Sweepstakes Under Scrutiny
With a box of tissues beside him, Eustace Hall, a retired medical technologist from Brandon, Fla., broke down and cried. A confessed mail-order-sweepstakes addict, Hall, 65, said he has spent at least $15,000 on contests since 1992 trying to help put his daughter through law school. "After all the time and money I spent, I have nothing to show for it," he admitted.
Hall was one of several witnesses to testify last week before the Senate's subcommittee on investigations, chaired by the G.O.P.'s Susan Collins of Maine, who wants to regulate sweepstakes and fine companies engaged in trickery. Sweepstakes organizers, who use the contests to hawk magazines, books and videos, would be required to display prominently on their mailings the odds of winning. And they would be barred from telling contestants they are winners when they are not. Facing a room full of industry lobbyists--they could be winners!--Collins charged that contest organizers are "exploiting people's dreams through these deceptive mailings."

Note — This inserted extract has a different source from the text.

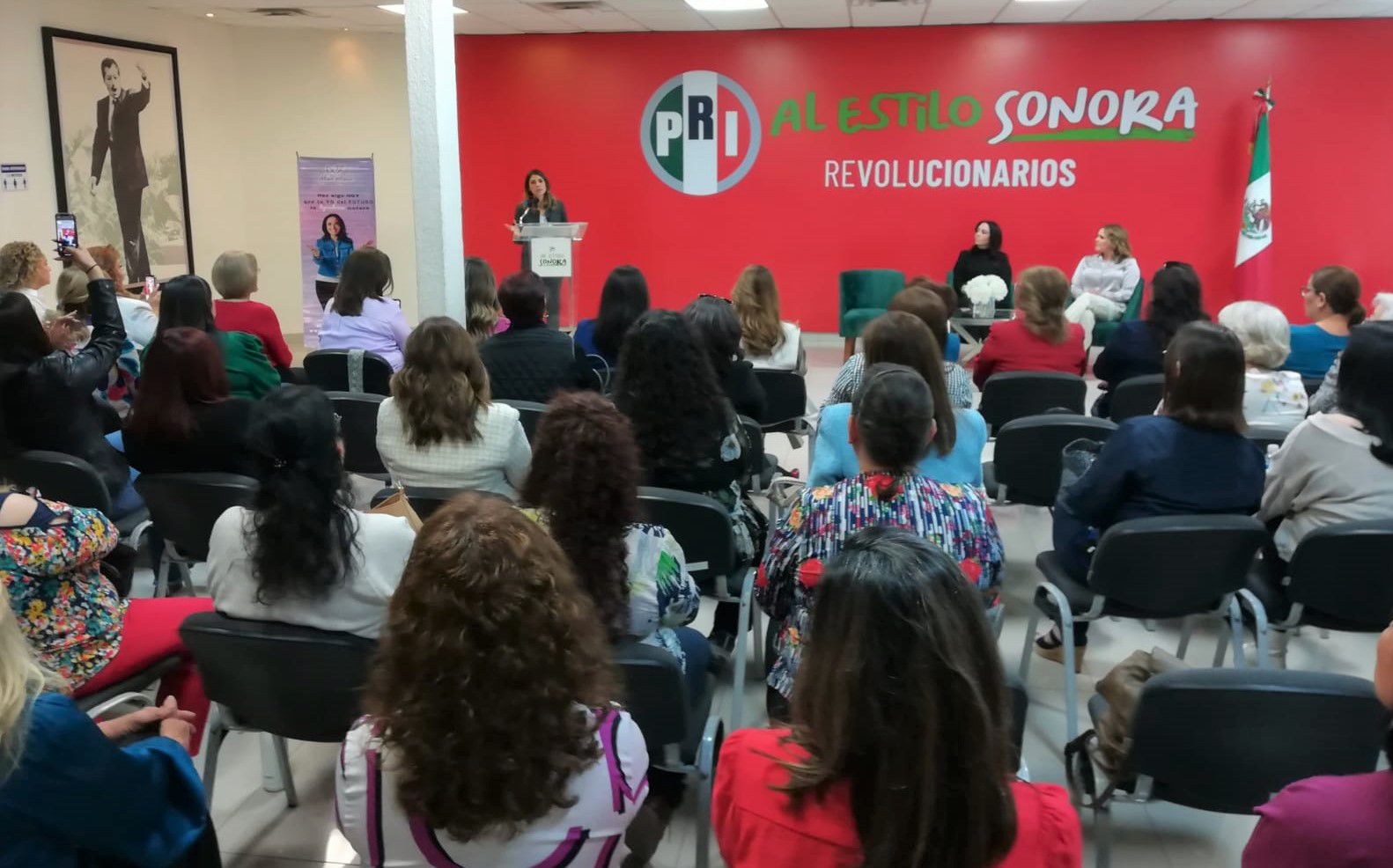 La secretaria de Gestión Social del PRI Sonora, Karmen “Kiki” Diaz Brown Ojeda, hizo entrega de un reconocimiento a Aline Mirazo por su participación en la plática ante mujeres priistas.

And their gullibility. The companies, which include American Family Enterprises (partly owned by Time Inc., publisher of TIME), Publishers Clearing House and the Reader's Digest Association, might prefer to avoid regulation. They testified that contest rules and odds are being made clearer and that the names of people who spend exorbitant amounts of money on subscriptions in the hope of improving their odds were being dropped from their lists. That might avoid the complications created by one elderly contestant who signed up for magazines stretching until 2086. The subscriber then died, presumably wiser but poorer. His estate is trying to sort out the problem.